[ToC]

 

ON THE EXILE OF MY THROATS

Alexis Orgera

Today we are sad—go figure—
like little enjambments we cry
for our lost intimacies. There's never
just one. They're fat rodents
skittering in the bamboo.
We are bullshark pissed at the losing,
we're creatures of mighty hallucinations,
of habit, of mostly latent risk.
I see my mate in the bed with me,
but in this nightmare of lost verity
he is a car length away.
His face morphs from full plate
to snake to so-small-it's-almost-gone.
What's the bitter pill I'm swallowing?
Little blue nervous-makers, tiny blenders
of burn.
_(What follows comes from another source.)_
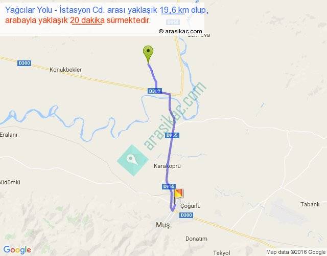 Yağcılar Yolu - İstasyon Cd. arası yaklaşık olarak 90 km/h ile yukarıda belirtilen sürede olup, iki yerin kuş uçuşu uzaklığı (mesafesi) 16'dir. Yolculuk otobüsle 26 dakika sürmektedir.

A reminder
that boiling isn't always the answer.
Richard Simmons taught me
to sauté when I was three. But then
I forgot and started boiling things
for their broths, and look what I got:
soggy, lecherous, makeshift eats.
A boiled onion is only a fraction.
A boiled grackle, a millimeter.
But that's so many years ago—
before words stuck
in my thirty throats weaving tender
tendrils from their vowels. Today
is another story altogether.
Today we are sad, me and my throats.
We wake up that way
after certain events we can't name.
I hear my throats cawing
through the window—I locked them out,
one thing leading to another
around midnight. They are meaner
than rooks, uglier than magpies.
My throats are a folktale
always throwing
their eyes into treetops
or spelling my thoughts inside out.

 

 

 

__

"On the Exile of My Throats"” germinated in cliché: I was about to turn thirty and things started to crack. Ho hum. But here's the real juice:

a. Richard Simmons really did teach me to sauté when I was three. Remember his combo exercise/cooking TV show? I practiced my skills one afternoon when no one was looking and might have burned down the house had Richard not been such a good teacher. I loved that man--so much so that on one occasion when I opened a McDonald's Happy Meal and found a plastic Chicken McNugget toy with curly hair and a sweat band, I was certain it was providence.

b. Trickster Makes This World is a good book, and the in the introduction Lewis Hyde talks about the story of Coyote throwing his eyes into a tree. I've morphed Coyote into crows into throats in my poem.